Wrap Innermost Loop as neura.kernel by ShangkunLi · Pull Request #261 · coredac/dataflow

ShangkunLi · 2026-02-03T14:29:22Z

Hi~ @HobbitQia, I enhance the convert-taskflow-to-neura pass with two modes:

'hyperblock' mode: this mode runs the flow with counters
'innermost' mode: this mode wraps each innermost loop as the neura.kernel; this could be a starting point for your fusion

tancheng · 2026-02-03T19:56:02Z

Can you provide IR example for convert-taskflow-to-neura?

I thought hyperblock would always be there when we generate task, and will be lowered to neura.kernel after the convert-taskflow-to-neura.

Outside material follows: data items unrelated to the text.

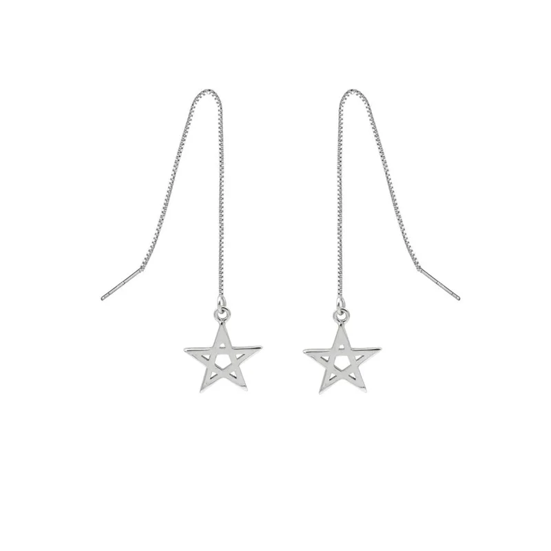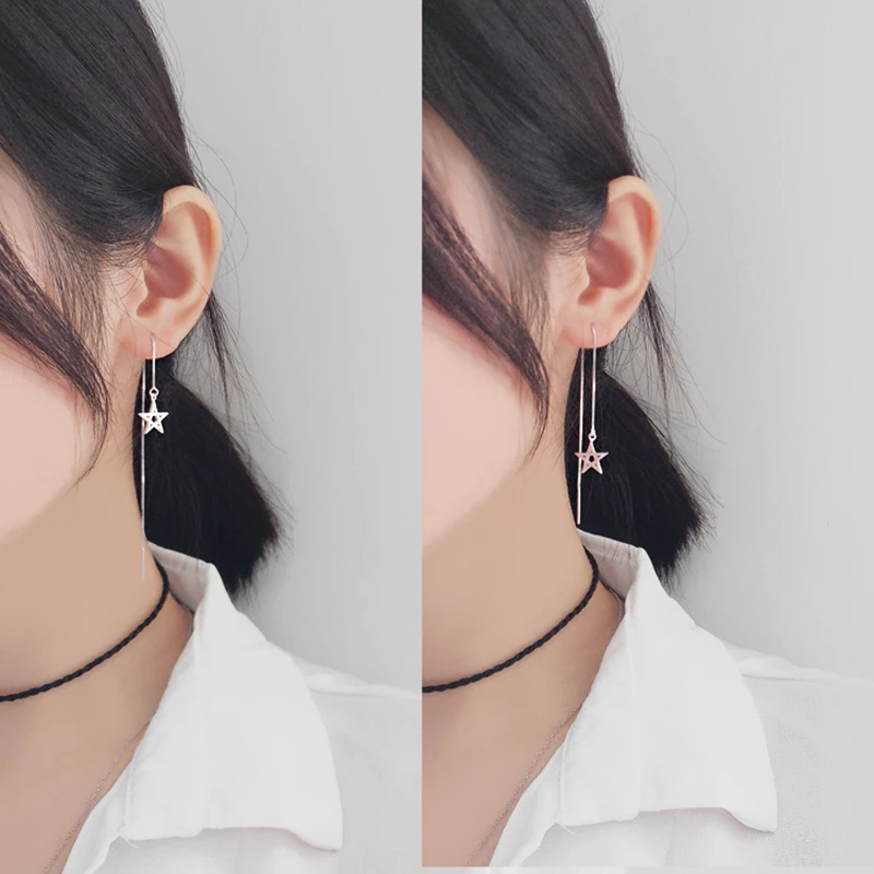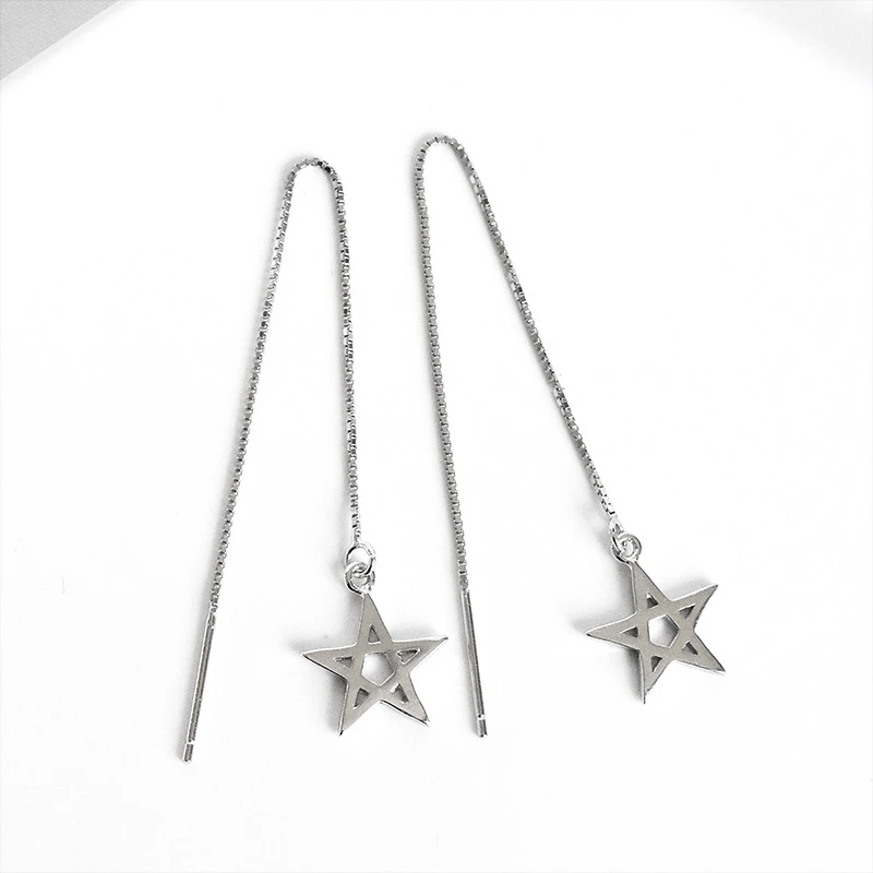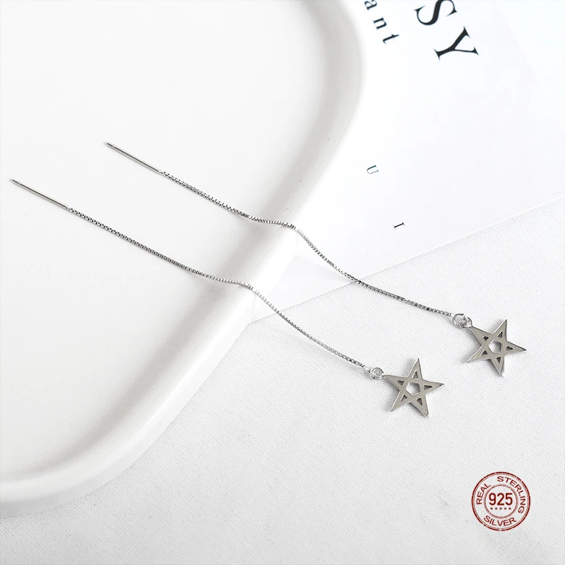LKO Настоящее серебро 925 пробы, длинная кисточка, пятиконечная звезда, серьги для женщин, простые стильные украшения со звездами для девочек, подарки на вечеринку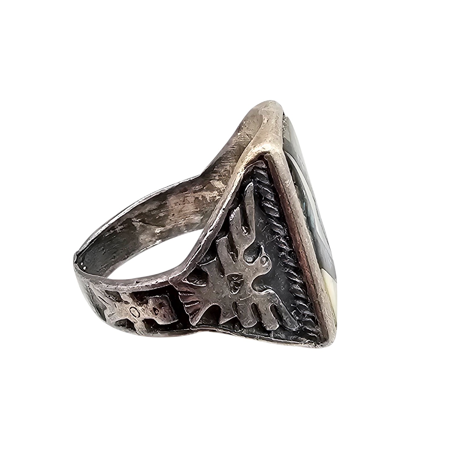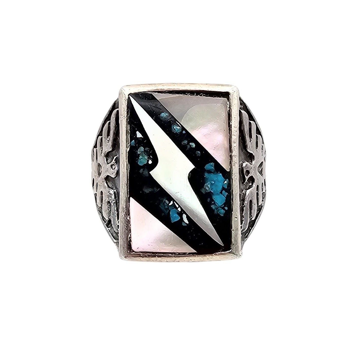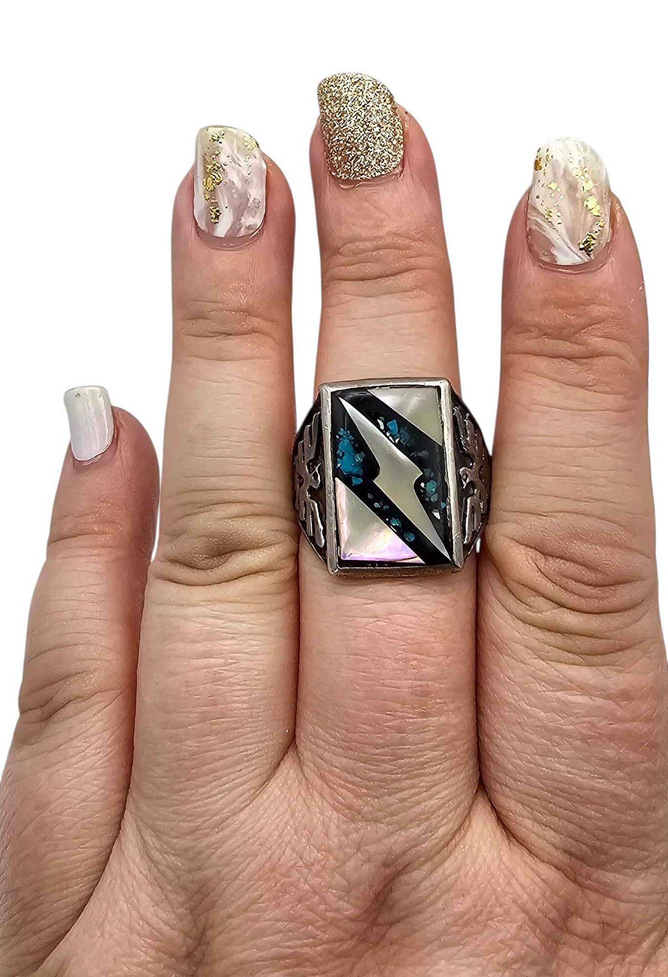Navajo Crushed Turquoise Abalone Sterling Silver Ring Size 10 10.4 G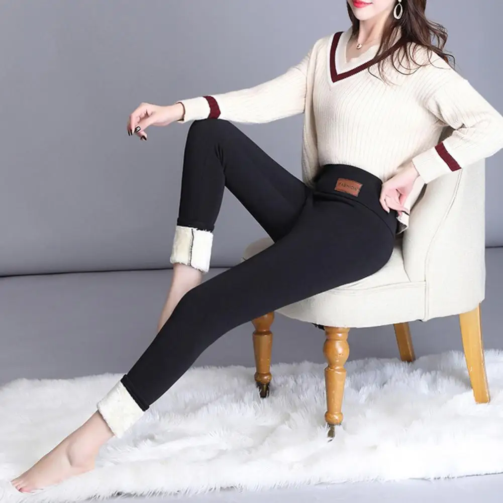 Зимние женские леггинсы, теплые брюки, леггинсы с высокой талией, женские однотонные леггинсы, удобные теплые эластичные леггинсы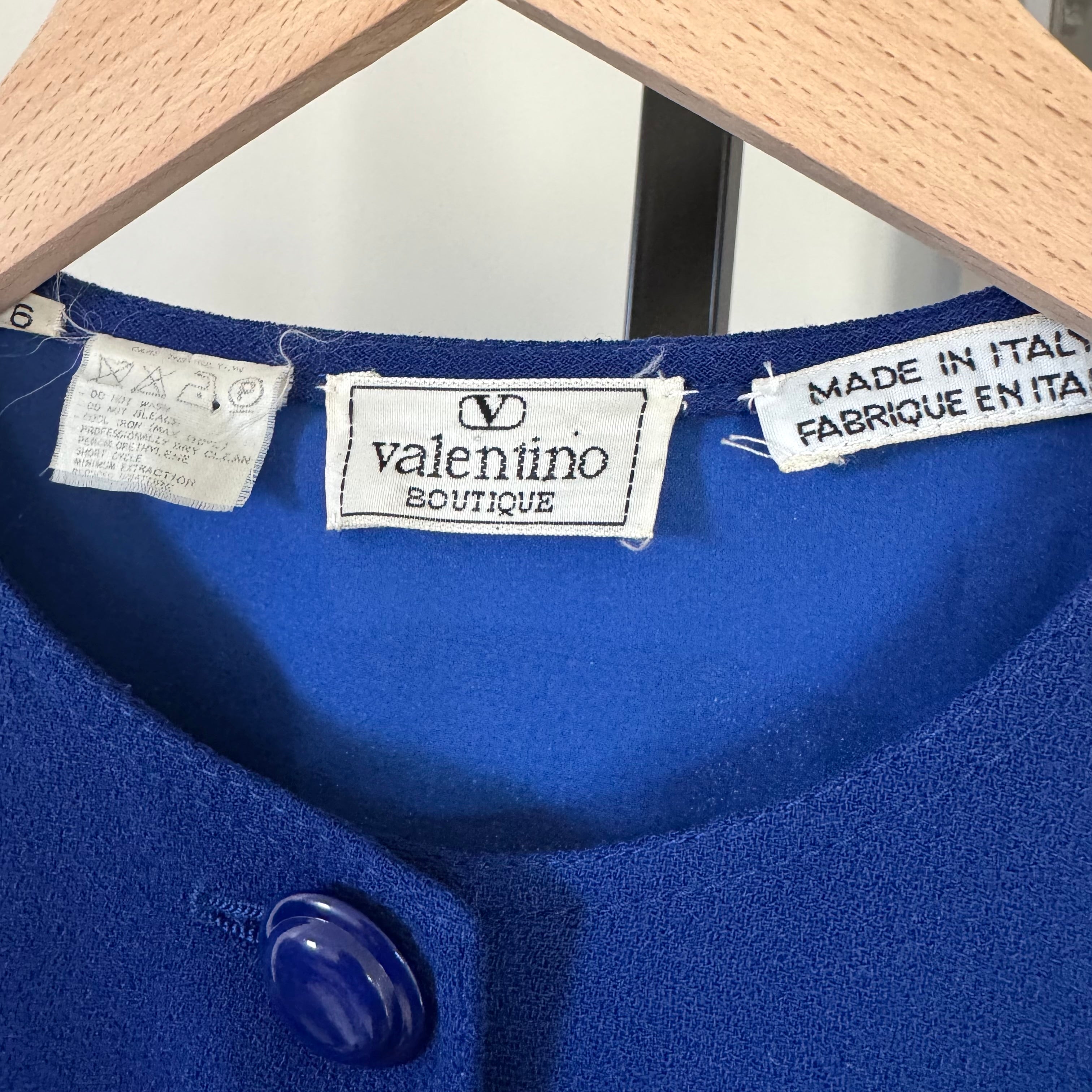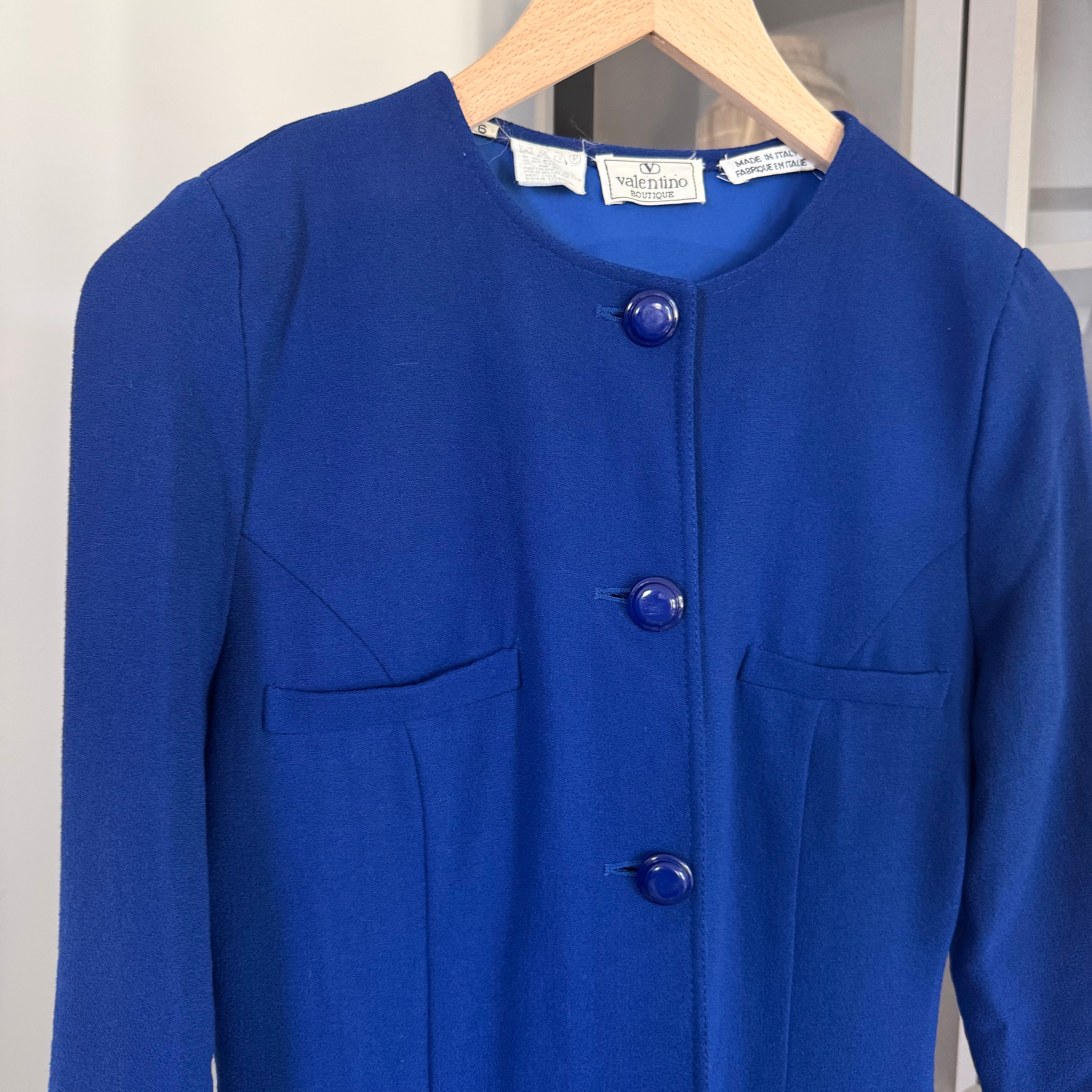 VTG Valentino Boutique Royal Blue Crepe Long Sleeve Midi Dress

Then, the neura.kernel would be the entry point for mapper. So why do we need two modes? The neura.kernel with counters can also be a target of our mapper, right?

ShangkunLi · 2026-02-04T07:01:39Z

Can you provide IR example for convert-taskflow-to-neura?

I thought hyperblock would always be there when we generate task, and will be lowered to neura.kernel after the convert-taskflow-to-neura. Then, the neura.kernel would be the entry point for mapper. So why do we need two modes? The neura.kernel with counters can also be a target of our mapper, right?

The innermost mode is to provide a starting point for @HobbitQia, because there are no counter ops in his architecture.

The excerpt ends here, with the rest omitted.